Four faculty hires!

October 13, 2016

Welcome to our new faculty - Meng Cheng (Theoretical Condensed Matter Physics), Nir Navon (AMO), Laura Newburgh (Astrophysics), and David Moore (Experimental Nuclear and Particle Physics)!

Meng Cheng comes to Yale from Microsoft’s StationQ at U.C. Santa Barbara. Meng, a theorist who will join Yale’s faculty in July 2017, has been interested in the interplay between global symmetry and topologically ordered phases in quantum condensed matter; he has developed a general theory of how symmetry acts on emergent topological degrees of freedom, classifying different ways that quasiparticles may carry fractionalized quantum numbers. When asked what most excites him about his research, Meng replied: “I’m always amazed by how a simple quantum system with many particles can behave in a remarkably rich and beautiful way. It often turns out that this “collective behavior” observed in quantum materials needs very deep theoretical ideas to explain, the understanding of which may lead to unexpected applications.”


Nir Navon is coming to Yale from Cambridge where he has been a Junior Research Fellow at Trinity College, and works at the Physics Department of the Cavendish Laboratory. Nir uses the “tunable” nature of trapped ultracold atomic gas systems to study fundamental many-body physics. Recently, he has pioneered the use of Bose-Einstein condensates trapped in laser-made uniform “box” potentials to investigate complex topics of out-of-equilibrium physics, such as the dynamics of spontaneous symmetry breaking or the emergence of turbulence in a quantum gas. When asked why he chose to study AMO physics, Nir replied “First, the experiments in my field are probably among the most complicated table-top experiments that can be understood and mastered by a single person. Secondly, the physics encountered is so diverse, that I sometimes feel that these experiments are merely convenient excuses to just keep learning physics in the broadest sense, from pure quantum mechanics to thermodynamics, hydrodynamics or condensed matter physics.”

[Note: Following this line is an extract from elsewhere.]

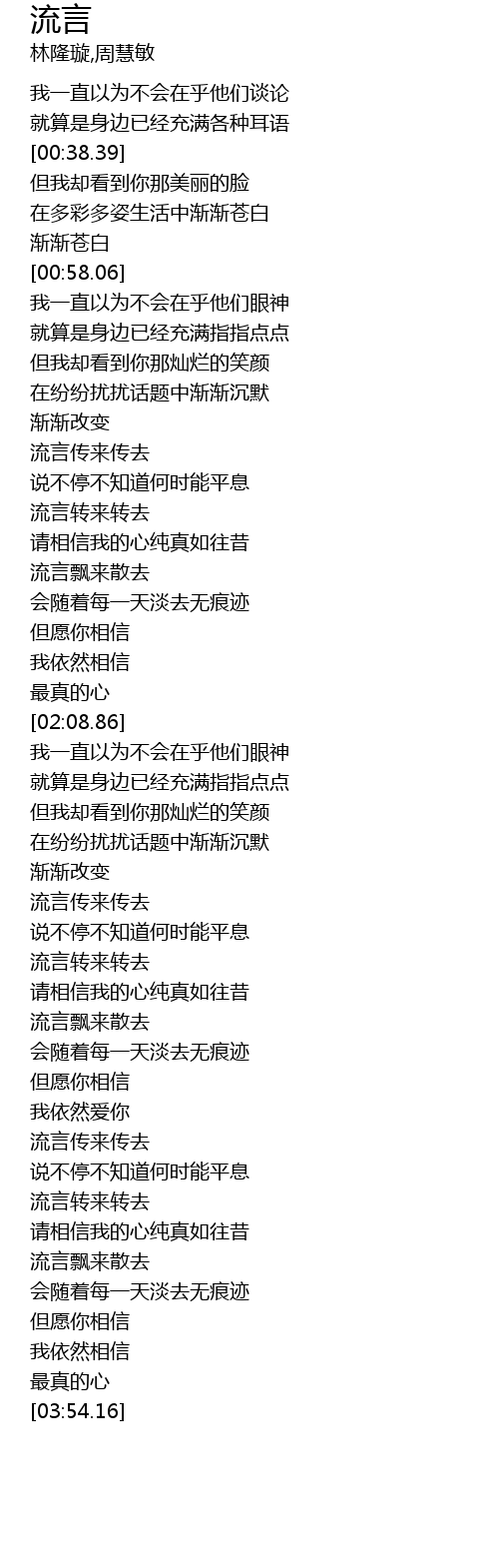 | [03:14.31] | liú yán chuán lái chuán qù |

Laura Newburgh comes to Yale after being a Dunlap Postdoctoral Fellow at the University of Toronto. While there Laura and her colleagues proposed two radio astronomy facilities (CHIME and HIRAX) in order to collect data from the 21cm line of hydrogen to learn about the expansion history of the Universe in the poorly probed era from redshifts of 0.8 to about 2.5. In Laura’s words: “We’re building a large radio interferometer to measure neutral hydrogen trapped in galaxies. The large scale distribution of those galaxies can be used as a tracer for the expansion of the Universe, which will allow us to understand the driver of that expansion: dark energy.” Laura also has a second detector development program focused on the next generation of Cosmic Microwave Background (CMB) polarization measurements.

Asked what would be the most exciting outcome of her work Laura said “We could find that dark energy is dynamical, which would entirely change what models we would use to describe it.”


David Moore is returning to Yale where he double majored in Math and Physics, receiving his degree in 2006. Most recently Dave has been at Stanford working on a search for neutrinoless double beta decay with the Enriched Xenon Observatory (EXO). Commenting on the state of the field Dave said “Experiments have been searching for neutrinoless double beta decay for more than 30 years, but experiments are finally reaching the sensitivities needed to see this decay if the masses are close to the lower bounds implied by neutrino oscillations.”

While at Stanford Dave and his colleagues also devised a plan for a table-top sub-attonewton force sensor using optically levitated microspheres that can facilitate a search for milli-charged objects and to test gravity at the micron distance scale.

Moore’s experiment, which he plans to build in Wright Lab, has the potential for big physics reach. “It may be possible that our first hints of new phenomena related to some of the major outstanding questions in high energy physics actually come from precision measurements of tiny effects in low-energy experiments.”